Davidi is best known for his 2011 Oscar-nominated film, 5 Broken Cameras, co-directed with Palestinian Emad Burmat, which explores a Palestinian family’s experience in the struggle to resist the seizure of their West Bank land. His latest film, focuses on conflicts that are primarily psychological, as he weaves together the contradictory public and private narratives of people in contemporary Israel.
The public narrative is gleaned from military training and class-room footage, demonstrating the process of propaganda and nation-building, which is still shocking: a blind teen is in tears when she’s pushed to shoot on a high-school field trip. The private stories are from the intimate letters and journal entries read in voice-over by actors, along with childhood home videos of young men and women who died in service, some who took their own lives.

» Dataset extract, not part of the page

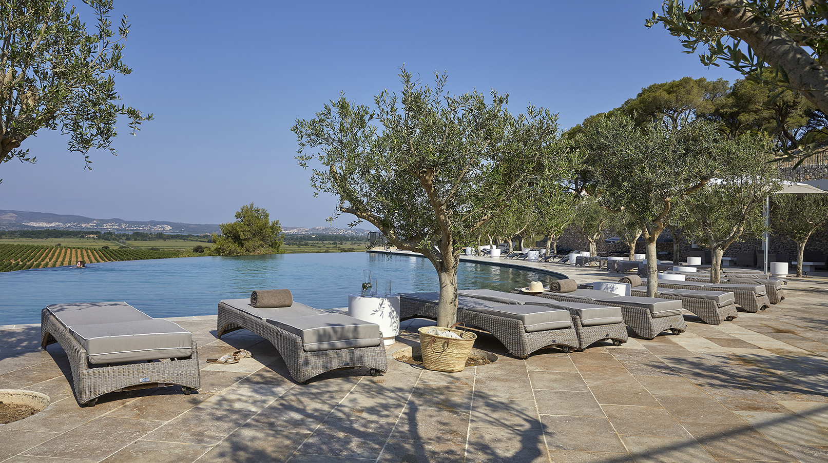 - Piscina de borde infinito rodeada de olivos: Experimenta la alegría de nadar en esta piscina con vistas a los viñedos y la laguna.

Though Innocence offers no sociological data (are Israeli soldiers objectively more alienated than other comparable groups?), Davidi makes the case that there’s a tragic distortion in Israeli society with a culture that, in aiming to celebrate strength and preparedness, nurtures fear, aggression and suffocating conformity. The foundational idea of a citizen-army shapes the education system, as students from a young age are taught about the horrors of the Holocaust, taught to sing patriotic songs and participate in art classes, drawing soldiers in army green. Field trips are to military bases and involve climbing over tanks and touching M-16s. 16-year-olds have their first recruitment tests, and tearful parents say goodbye to their 18-year-olds, who head off to military bases.
As Davidi has acknowledged in interviews, he sought out examples of young soldiers who died after facing a crisis directly relating to the military. Through their writings and videos, we meet them before they reached they lost their innocence: Doron, a feisty adolescent girl, made a written list of all the things she wanted to accomplish before enlisting (smoke weed, grow dreadlocks, meet David Bowie). After experiencing military life, she bluntly wrote, “I’d rather commit suicide than feel like I belong.”
The longest section is devoted to Halil, who, as a leader at 16, in 2011, forged a youth movement pressuring the government to free imprisoned a kidnapped Israeli soldier, Gilad Shalit. Halil enlisted with a hope of “changing the system from within” but instead fell into despair. His mother tells the director, “He couldn’t be in a place where he created evil in the world and he couldn’t see another way where he could have a clear conscience.”
As an impassioned, partisan film, Innocence will likely do little to alter entrenched views about Israel, but it serves as a yet another reminder that, at this point its history, the country faces greater threats from within than from outside its borders.